Even if one were to take a different view, the analysis required to uphold the appointment would be of a somewhat different nature; and would have to focus on the effect of the appointment on the underlying constitutional value. It would have to be argued, perhaps, that the principle of collective responsibility is in itself sufficient to ensure that there is no adverse effect on the underlying constitutional value of ministerial responsibility. Indeed, while one of Dr. Ambedkar’s reasons (which we have already noted in the earlier post) for rejecting Mohd. Tahir’s amendment was that there was an underlying assumption that the minister would get elected as member, Dr. Ambedkar also offered another reason for rejecting the amendment:

…My second submission is this, that the fact that a nominated Minister is a member of the Cabinet, does not either violate the principle of collective responsibility nor does it violate the principle of confidence, because if he is a member of the Cabinet, if he is prepared to accept the policy of the Cabinet, stands part of the Cabinet and resigns with the Cabinet, when he ceases to have the confidence of the House, his membership of the Cabinet does not in any way cause any inconvenience or breach of the fundamental principles on which Parliamentary government is based…

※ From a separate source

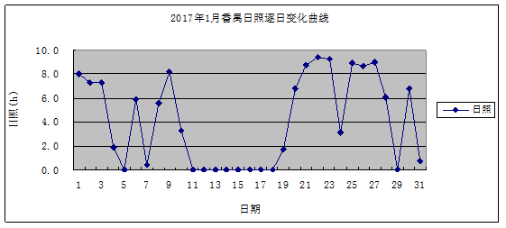 月日照時數(shù)127.2小時,與累年平均值比偏多1成。其中,上旬日照與累年值比偏多1成多,中旬日照與累年值比偏少近8成,下旬日照是累年值的2倍。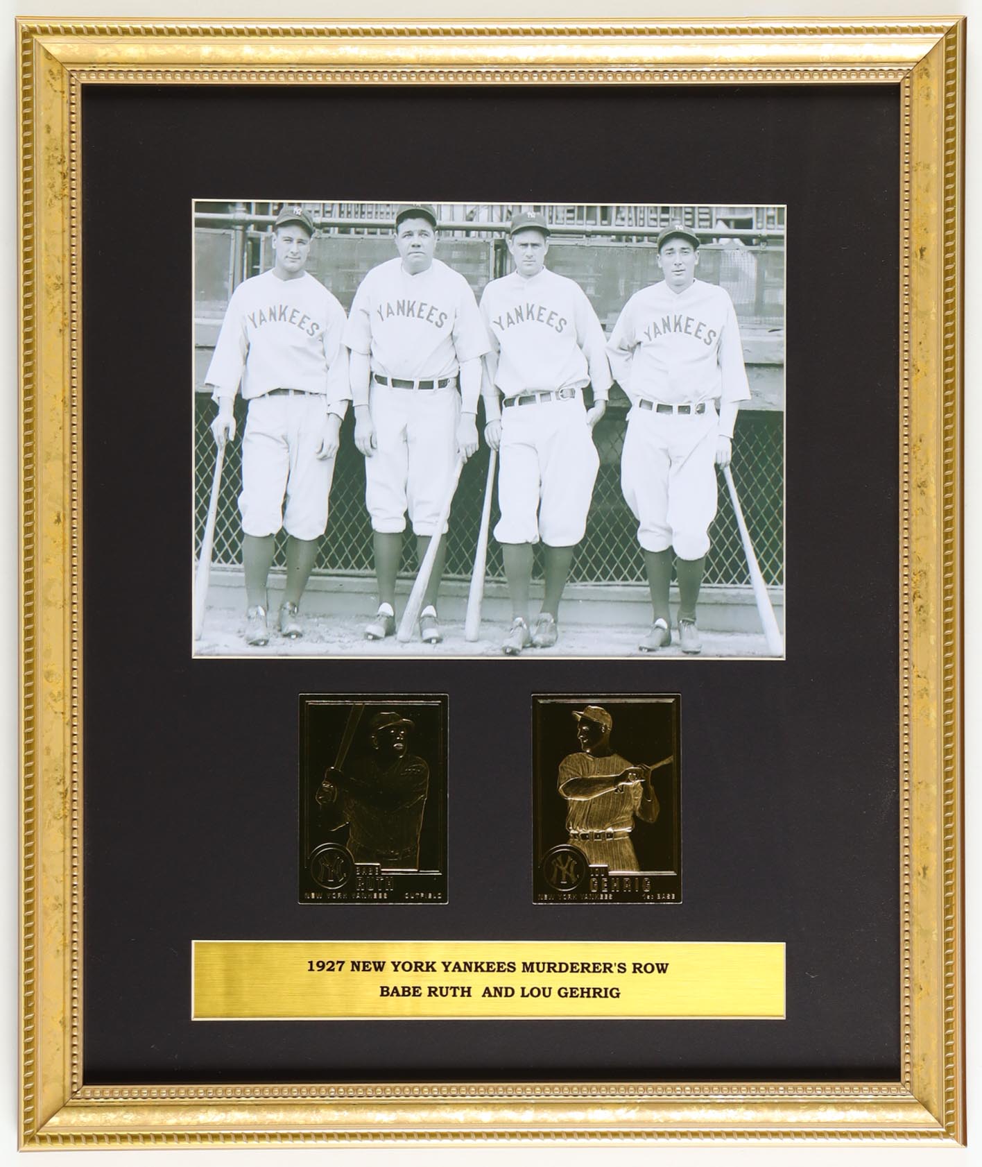 "Babe Ruth & Lou Gehrig Yankees Murderer's Row" Custom Framed Photo Display with (2) 23kt Gold Trading Cards

The argument would then be that the framers regarded collective responsibility in itself as being sufficient to protect the underlying constitutional value; and hence, the fact that a particular minister may not even be capable of becoming a member of the assembly is irrelevant. That is certainly a proposition which would require careful consideration: however, it is suggested that this reasoning – that collective responsibility is in itself sufficient to ensure that the fundamental value of ministerial responsibility is not lost – does not sit comfortably with the reasoning of the Supreme Court in Kapur and Chaudhari.

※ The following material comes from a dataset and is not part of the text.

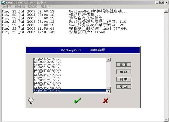 在‘在事件查看’中,我们选取以时间命名的事件文件‘查看’就可以看到如图11所示的Web邮件服务器的活动事件记录。

Perhaps, the decision of the Bombay High Court – if carried in appeal to the Supreme Court – may give the Supreme Court a chance to further consider how the doctrine of “fraud on the Constitution” is to be applied and also to elucidate how exactly the fundamental constitutional value of ministerial responsibility is to be protected in the constitutional scheme.

[The author is grateful to Gautam Bhatia for his comments on a draft version of this essay.]